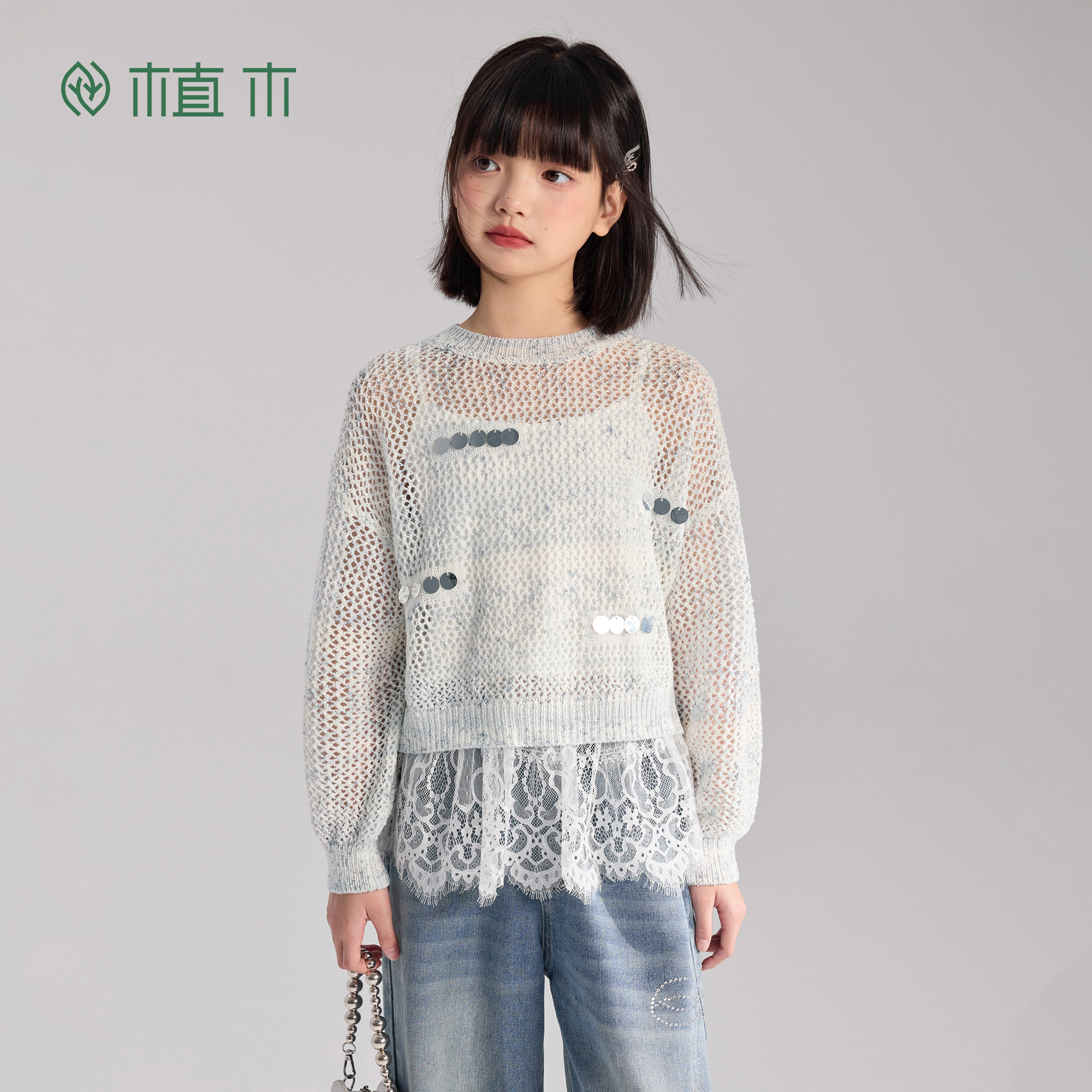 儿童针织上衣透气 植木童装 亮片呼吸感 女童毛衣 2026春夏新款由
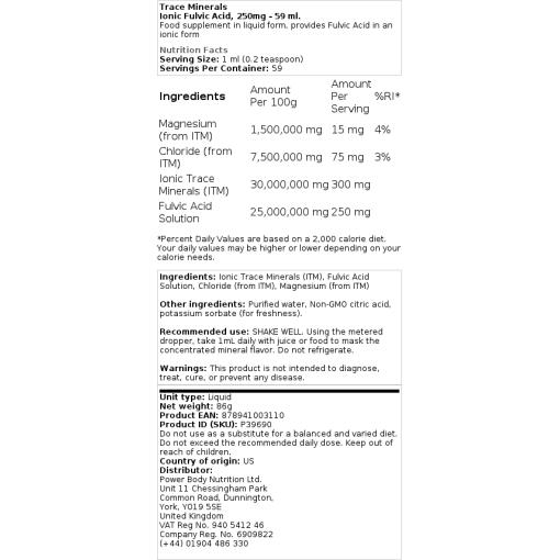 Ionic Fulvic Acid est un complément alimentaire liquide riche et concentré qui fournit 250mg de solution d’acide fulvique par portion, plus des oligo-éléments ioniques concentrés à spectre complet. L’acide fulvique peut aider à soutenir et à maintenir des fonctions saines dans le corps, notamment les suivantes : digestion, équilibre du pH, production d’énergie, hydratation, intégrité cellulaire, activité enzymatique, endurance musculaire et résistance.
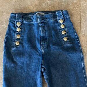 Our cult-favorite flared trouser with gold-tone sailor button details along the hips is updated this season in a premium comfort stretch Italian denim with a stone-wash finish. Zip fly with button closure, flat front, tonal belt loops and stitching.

** PROBLEM DETAILS **
Repeat all of the material above exactly, leaving out pictures.

** TASK RESULT **
 儿童针织上衣透气 植木童装 亮片呼吸感 女童毛衣 2026春夏新款由
 Ionic Fulvic Acid est un complément alimentaire liquide riche et concentré qui fournit 250mg de solution d’acide fulvique par portion, plus des oligo-éléments ioniques concentrés à spectre complet. L’acide fulvique peut aider à soutenir et à maintenir des fonctions saines dans le corps, notamment les suivantes : digestion, équilibre du pH, production d’énergie, hydratation, intégrité cellulaire, activité enzymatique, endurance musculaire et résistance.
 Our cult-favorite flared trouser with gold-tone sailor button details along the hips is updated this season in a premium comfort stretch Italian denim with a stone-wash finish. Zip fly with button closure, flat front, tonal belt loops and stitching.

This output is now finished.